The FDA has granted a breakthrough therapy for atezolizumab Tin combination with bevacizumab for the treatment of advanced or metastatic hepatocellular carcinoma.
The US Food and Drug Administration (FDA) has granted a breakthrough therapy designation to Roche for atezolizumab (Tecentriq) in combination with bevacizumab (Avastin) as a first-line treatment for patients with advanced or metastatic hepatocellular carcinoma (HCC), the most common form of liver cancer and known to appear in patients with chronic hepatitis B and C.
"Hepatocellular carcinoma is an aggressive cancer with limited treatment options and a major cause of cancer deaths worldwide," Sandra Horning, MD, Roche's chief medical officer and head of global product development, stressed in a recent statement.
Atezolizumab is a monoclonal antibody designed to bind with a protein called PD-L1 expressed on tumor cells and tumor-infiltrating immune cells, blocking its interactions with both PD-1 and B7.1 receptors. Bevacizumab is a biologic antibody engineered to specifically bind to a protein called VEGF that plays an important role throughout the lifecycle of the tumor to develop and maintain blood vessels, a process known as angiogenesis.
Bevacizumab’s established anti-angiogenic effects may further enhance atezolizumab’s ability to restore anti-cancer immunity by inhibiting vascular endothelial growth factor (VEGF)-related immunosuppression, promoting T-cell tumor infiltration, and enabling priming and activation of T-cell responses against tumor antigens.
Data from the open-label, multicenter phase 1b study evaluating the safety and clinical activity of the atezolizumab-bevacizumab combination served as the basis for the designation.
For the study, participants in Study Arm A are receiving atezolizumab (1200 mg) and bevacizumab (15 mg/kg) intravenously (IV) every 3 weeks until loss of clinical benefit or unacceptable toxicity.

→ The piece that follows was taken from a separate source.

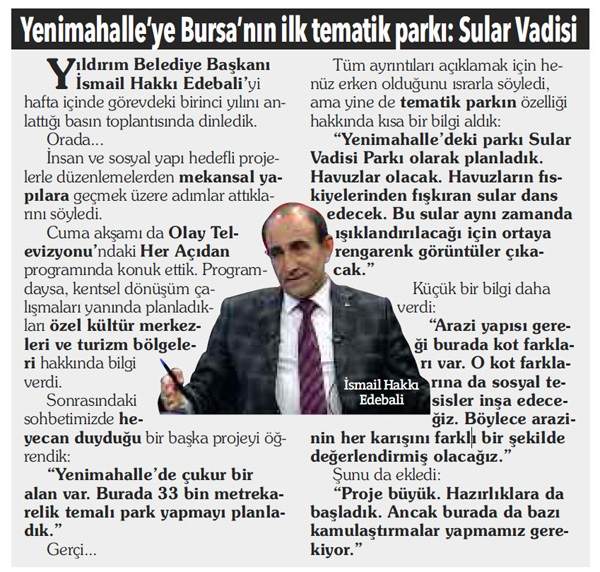 Arşivimizi açıp baktık… 3 Nisan 2015 günü Olay Televizyonu’nda konuk ettiğimiz Yıldırım Belediye Başkanı İsmail Hakkı Edebali ilk kez Sular Vadisi projesini açıklamış, biz de 5 Nisan 2015 günü bu sütunlarda yazmışız.

Primary objectives from Arm A include assessing the clinical activity, based on objective response rate (ORR) assessment by independent review facility (IRF) per RECIST v1.1 as well as evaluating the safety and tolerability of the combination.

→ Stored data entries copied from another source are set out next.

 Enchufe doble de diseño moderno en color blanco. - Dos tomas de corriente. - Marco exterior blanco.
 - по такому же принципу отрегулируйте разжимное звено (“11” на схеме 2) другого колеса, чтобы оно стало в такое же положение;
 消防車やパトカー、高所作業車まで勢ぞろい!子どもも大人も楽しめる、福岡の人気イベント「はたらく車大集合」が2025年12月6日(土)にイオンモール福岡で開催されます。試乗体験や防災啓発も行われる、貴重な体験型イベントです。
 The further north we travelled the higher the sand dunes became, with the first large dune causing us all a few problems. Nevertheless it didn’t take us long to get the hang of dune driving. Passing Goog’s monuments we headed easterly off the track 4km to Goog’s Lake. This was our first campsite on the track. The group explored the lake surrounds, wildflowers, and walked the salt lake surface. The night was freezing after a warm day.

The objective response rate (ORR) by investigator assessment (INV), progression-free survival (PFS), duration of response (DOR), time to progression (TTP) all by INV and IRF per RECIST v1.1; and overall survival (OS) compose the secondary efficacy endpoints.

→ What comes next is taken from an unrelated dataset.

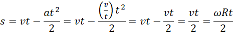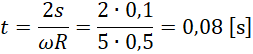 Najpierw oblicz, jaką prędkość liniową będzie miał krążek w chwili, gdy wyleci przez otwór. Będzie poruszał się po linii prostej prostopadłej do stycznej do okręgu w miejscu, w którym został uwolniony. Zatrzymując się, hamuje do prędkości zerowej. Jego ruch jest opóźniony, zatem czas poruszania się po stole możesz obliczyć ze wzoru na drogę w ruchu przyspieszonym.

Findings presented at the 2018 American Society of Clinical Oncology (ASCO) Annual Meeting in Chicago, Illinois, revealed responses (independent review facility (IRF) per RECIST v1.1) noted in 15 of 23 (65%) efficacy-evaluable patients, after a median follow-up of 10.3 months; these responses were seen across all subgroups (etiology, region, baseline alpha-fetoprotein levels, spread of tumor beyond liver). INV per RECIST v1.1 also showed response in 14 out of 23 patients (61%). Median PFS, DOR, TTP, and OS have not been reached yet after the median follow-up; these results will be presented at a future conference as the data becomes available.
Safety measured were also reported. Twenty-eight percent of patients (n=12) in the safety-evaluable population (n=43) experienced Grade 3-4 treatment-related adverse events; however, no treatment-related Grade 5 adverse events were observed, and no new safety signals were identified beyond the established safety profiles for the individual medicines.
"Preliminary data from the combination of Tecentriq and Avastin in this disease are promising and we look forward to working with health authorities to make this potential treatment regimen available to people with hepatocellular carcinoma as soon as possible,” Dr Horning added.
Moving forward, IMbrave150, an open-label, multicenter, randomized phase 3 study investigating the combination of atezolizumab and bevacizumab versus sorafenib in individuals with previously-untreated (first-line) locally advanced, unresectable or metastatic HCC, was initiated earlier this year and is currently enrolling participants.